> **EXERCISE DATA**
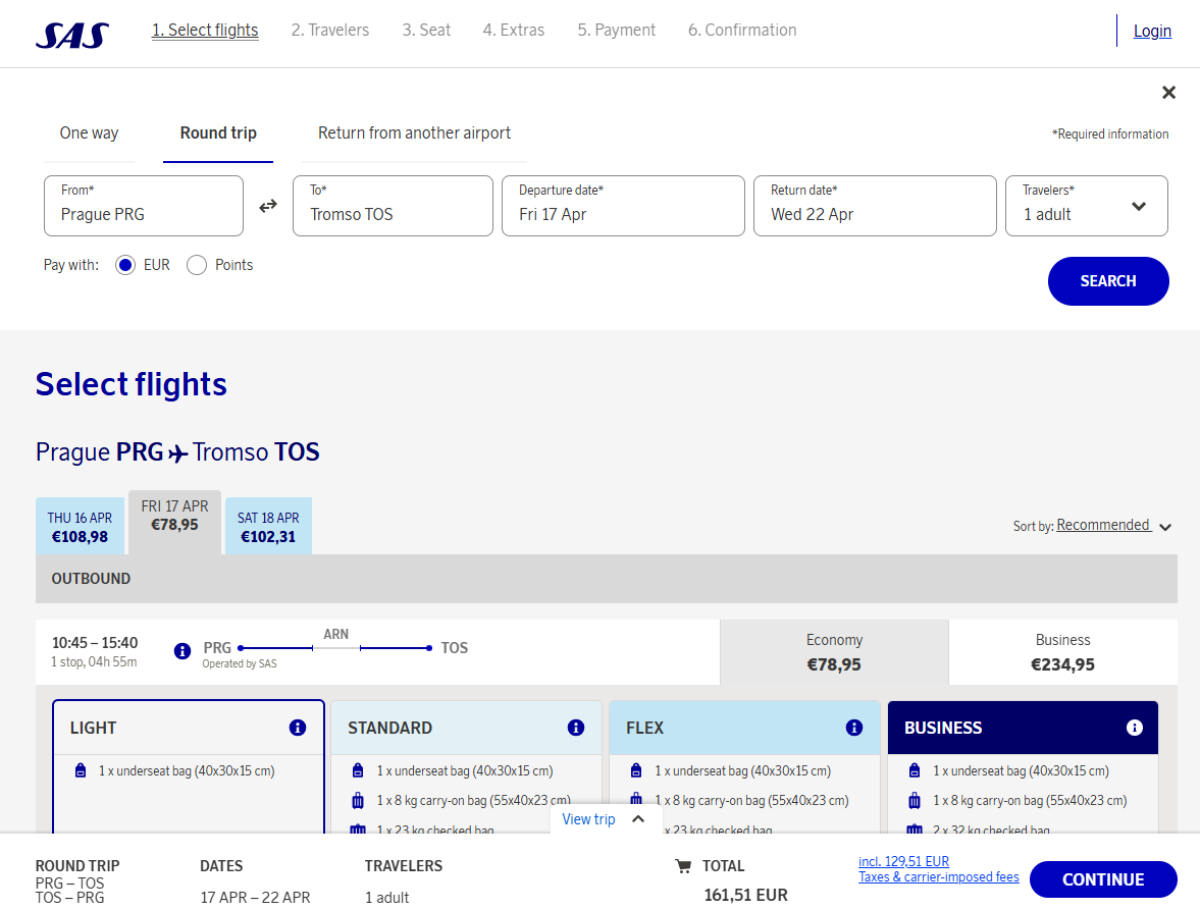 Norwegian Tromsø from Prague in April and May with SAS
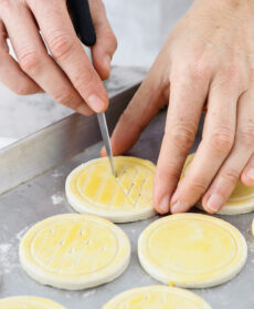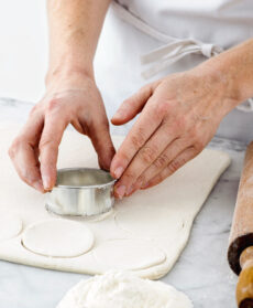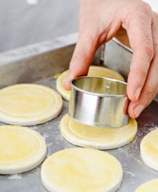 Prendi un tagliabiscotti a bordi lisci della larghezza di 7-8 cm e ricava dalla sfoglia tanti dischi, infarinando ogni volta la base del tagliabiscotti.
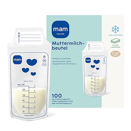 Sản phẩm MAM Breast Milk Bags | Breastfeeding Bag Made of BPA & BPS Free Material | Leak-proof Milk Bags with Double Pressure Closure | Practical Stand | Flat & Space-Saving | 180 ml | Pack of 100 đang được bán với giá ưu đãi là $25.0918 tại nước Đức.
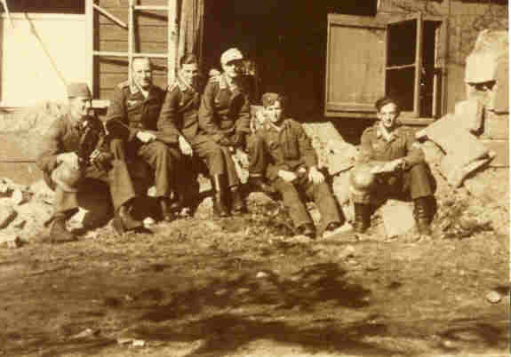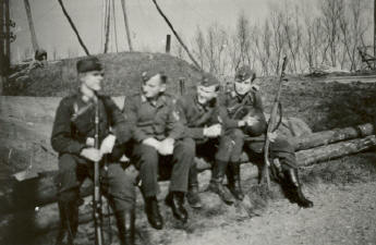 Vier Duitsers, waarvan twee met hun wapen, zittend op een boomstam voor Unterkunft West in Brielle. Tweede van rechts Gefreiter Werner Müller. Achterop de foto stond: Ruhepause vor der Unterkunft West
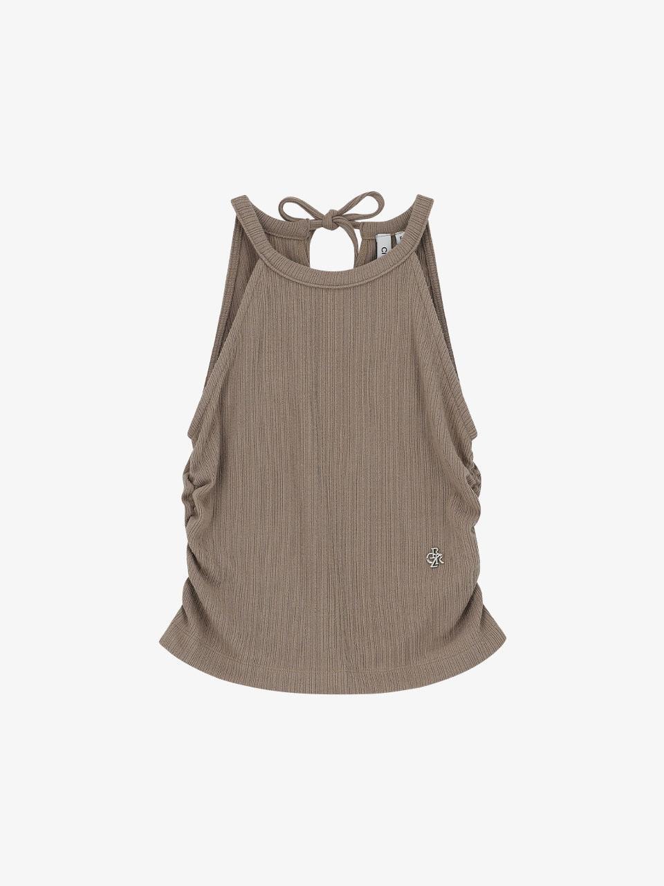 (CTH2) Ribbed Halterneck Sleeveless Top-BEIGE
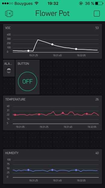 Eso es lo que el proyecto de Kickstarter Blynk! Permite instalar una aplicación para smartphone y conectarlo directamente a su proyecto a través de WIFI o Bluetooth (BETA test). Puede entonces leer los datos de sus sensores e incluso escribir activar cualquier cosa que ha enchufado. En este proyecto, usé la versión gratuita que te permite crear una interfaz de primera con 3 gráficos.
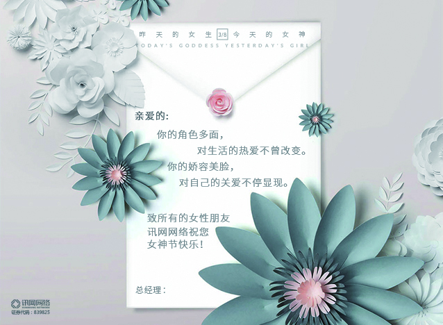 今天是三八世界女神節,在這樣特殊的節日里,訊網網絡為各位女神們,送上了非常有愛的女神專屬禮物。
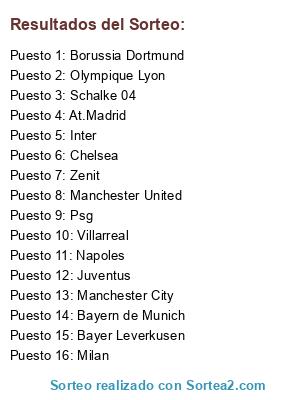 Lista de participantes: Inter, Bayern de Munich, Villarreal, Juventus, Schalke 04, Zenit, Borussia Dortmund, Napoles, Manchester United, Milan, Chelsea, Olympique Lyon, At.Madrid, Manchester City, Bayer Leverkusen, Psg.

> **WORK INSTRUCTION**
Give back the material exactly as written, images excluded.

> **ANSWER FOR THE TASK**
 Norwegian Tromsø from Prague in April and May with SAS
 Prendi un tagliabiscotti a bordi lisci della larghezza di 7-8 cm e ricava dalla sfoglia tanti dischi, infarinando ogni volta la base del tagliabiscotti.
 Sản phẩm MAM Breast Milk Bags | Breastfeeding Bag Made of BPA & BPS Free Material | Leak-proof Milk Bags with Double Pressure Closure | Practical Stand | Flat & Space-Saving | 180 ml | Pack of 100 đang được bán với giá ưu đãi là $25.0918 tại nước Đức.
 Vier Duitsers, waarvan twee met hun wapen, zittend op een boomstam voor Unterkunft West in Brielle. Tweede van rechts Gefreiter Werner Müller. Achterop de foto stond: Ruhepause vor der Unterkunft West
 (CTH2) Ribbed Halterneck Sleeveless Top-BEIGE
 Eso es lo que el proyecto de Kickstarter Blynk! Permite instalar una aplicación para smartphone y conectarlo directamente a su proyecto a través de WIFI o Bluetooth (BETA test). Puede entonces leer los datos de sus sensores e incluso escribir activar cualquier cosa que ha enchufado. En este proyecto, usé la versión gratuita que te permite crear una interfaz de primera con 3 gráficos.
 今天是三八世界女神節,在這樣特殊的節日里,訊網網絡為各位女神們,送上了非常有愛的女神專屬禮物。
 Lista de participantes: Inter, Bayern de Munich, Villarreal, Juventus, Schalke 04, Zenit, Borussia Dortmund, Napoles, Manchester United, Milan, Chelsea, Olympique Lyon, At.Madrid, Manchester City, Bayer Leverkusen, Psg.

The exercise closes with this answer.